Christmas is past and thoughts turn to summer.

Sailing from Rosslare to Cherbourg on 3rd June, I am planning to pay my respects at Juno Beach in Normandy before going to the Western Front. More specifically, going to Flanders, to Broodseinde, where both my great grandfather and my grand uncle suffered gunshot wounds.

Only yesterday did I discover that Clem had been wounded in action.  GSW his record says, gunshot wound. Why hadn’t we ever been told he had been hit by gunfire?

Memories are clear of Uncle Clem. He had always seemed old, but perhaps anyone over forty years of age had seemed old to a primary school child.

Uncle Clem was seventy-five years old when he died in 1972, which I suppose was a good age to have reached five decades ago. It was a particularly good age to have reached for a man whom we were told had shrapnel in his lungs fom his time at the front.
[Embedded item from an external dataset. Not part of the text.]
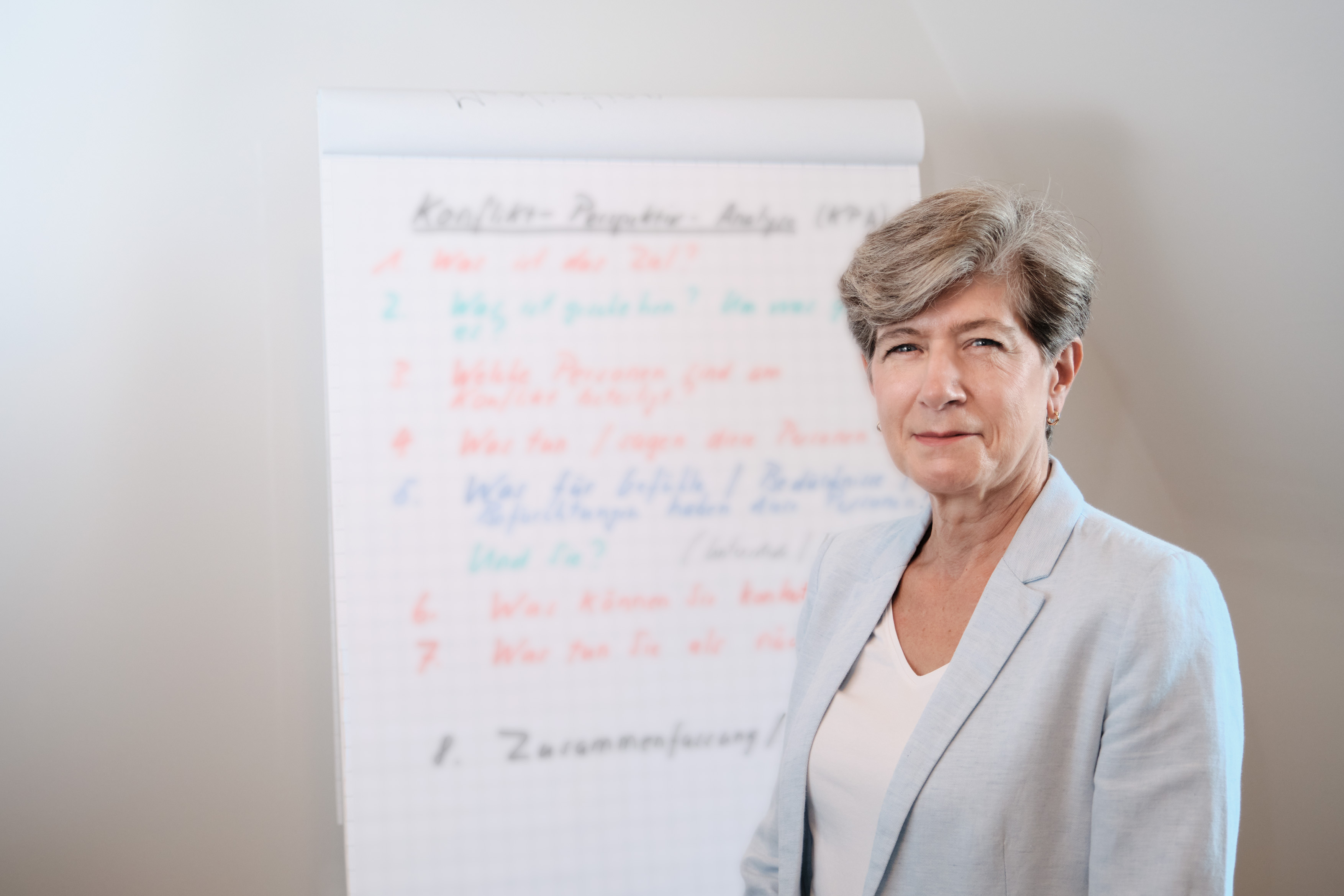 Nach vielen Jahren als Richterin und unzähligen Schlichtungsverfahren bin ich vom Ansatz der gemeinsamen Lösungsfindung überzeugt und begleite Sie gerne als Mediatorin auf dem Weg zu einer konstruktiven Konfliktaustragung.

Uncle Clem was only sent to the front because there was a shortage of men. He had joined up at the beginning of 1916. Being trained as a baker, he had been assigned to the Army Service Corps.

Whether it was Napoleon Bonaparte or Frederick the Great that said an army marches on its stomach, the fact is that without supplies, no army can function. From April 1916 until July 1917, he remained with the Army Service Corps. Then in the summer of 1917, he was transferred to the Royal Fusiliers, to the Second Battalion (City of London Regiment). His records say that there was an adjustment in his pay to ensure he was not out of pocket in being sent to the front (presumably bakers were paid more than men at the front).

The disastrous Battle of Passchendaele was drawing to a close when Uncle Clem was hit by gunfire on 30th October 1917.

No-one ever talked about his war service. No-one ever spoke about what had happened on the Western Front for him to carry injuries that affected him for the rest of his life. Perhaps there were so many war wounded, anyway; perhaps the memories of the Second World War were still so raw that no-one wanted to talk about the Great War that had preceded it.

Yet until yesterday, I believed he had been hit by shrapnel from an artillery barrage. Perhaps it was an easier tale to tell, an impersonal random, shell falling on a trench demanded no further explanation. A gunshot wound to the right hand side of the chest would have been a more personal recollection which he perhaps preferred to forget.

The wounds took him back to Le Treport and then to a posting with the Labour Corps. Returning to life in Pitney in 1919 must have seemed like paradise after Passchendaele.

Reading the records, it is odd to think that the gentle and quiet man who would sit at Aunt Ella’s tea table and chat and laugh with a small boy had once seen a place that was hell on Earth.